- Location: Tweed, Hastings County and Addington Highlands, Lennox and Addington County, Ontario
- Coordinates: 44°52′26″N 77°23′40″W﻿ / ﻿44.87389°N 77.39444°W
- Primary inflows: Partridge Creek
- Primary outflows: Partridge Creek
- Basin countries: Canada
- Max. length: 1.9 km (1.2 mi)
- Max. width: 0.9 km (0.56 mi)
- Surface elevation: 319 m (1,047 ft)

= Grimsthorpe Lake =

Lake in Ontario, Canada

Grimsthorpe Lake is a lake in the Moira River and Lake Ontario drainage basins that straddles the border between Tweed, Hastings County and Addington Highlands, Lennox and Addington County in Ontario, Canada.
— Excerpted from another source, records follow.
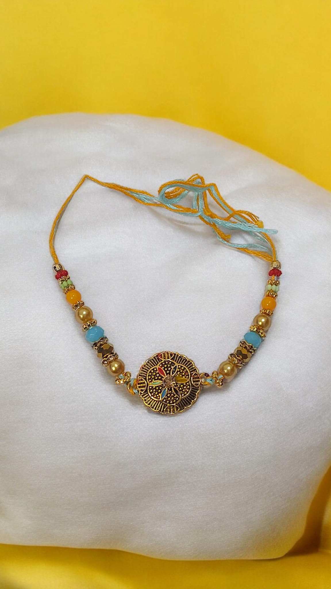 Add a touch of vibrancy to your Raksha Bandhan celebration with our Rainbow Circle Rakhi. Handcrafted with vibrant rainbow-colored threads, this rakhi symbolizes the unbreakable bond between siblings. Show your sibling some love with this unique and colorful rakhi.
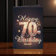 Celebrate seven remarkable decades with this beautifully crafted greeting card. It has a dark background with a sparkling, glittery design that gives it an elegant and festive feel. The text reads "Happy 70th Birthday" and a placeholder name in a mix of cursive and bold fonts, with the number "70" prominently displayed in the centre. The number has a shiny, reflective pattern, making it stand out. Surrounding it are decorative elements like stars, musical notes, and light reflections, adding to the celebratory atmosphere. The front and inside text are fully customisable, allowing you to personalise every detail. Need it quickly? Opt for an instant digital download for easy sharing. Make their 70th birthday truly unforgettable with a card as unique as their journey.
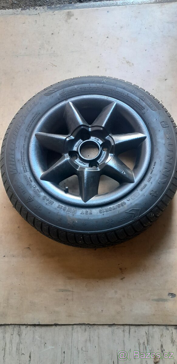 Prodám rezervu na vlek 4×100 165/70r13 nové pneu+alu komaxit cena 500kč
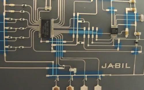 Jabil展示柔性的塑料電路板,使用印刷在柔性基板上的導線和電路,以及安裝在其上的超薄型芯片。
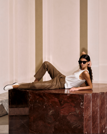 Compondo a estética minimalista, os tons neutros e terrosos, como off white, oliva, mascavo, preto e taupe, constroem a base da paleta, que conta com alguns pontos de cor estratégicos, como o light blue, e estampas como paisley e maxi poá.

The lake is about 1.9 km long and 0.9 km wide and lies at an elevation of 319 m about 11 km east of the community of Gunter and 17 km northwest of the community of Cloyne. The primary inflow is Partridge Creek from the northwest, and there are three unnamed creek secondary inflows at the southwest, north and south. Partridge Creek is also the primary outflow at the southeast. It flows via the Skootamatta River and Moira River into the Bay of Quinte on Lake Ontario at Belleville.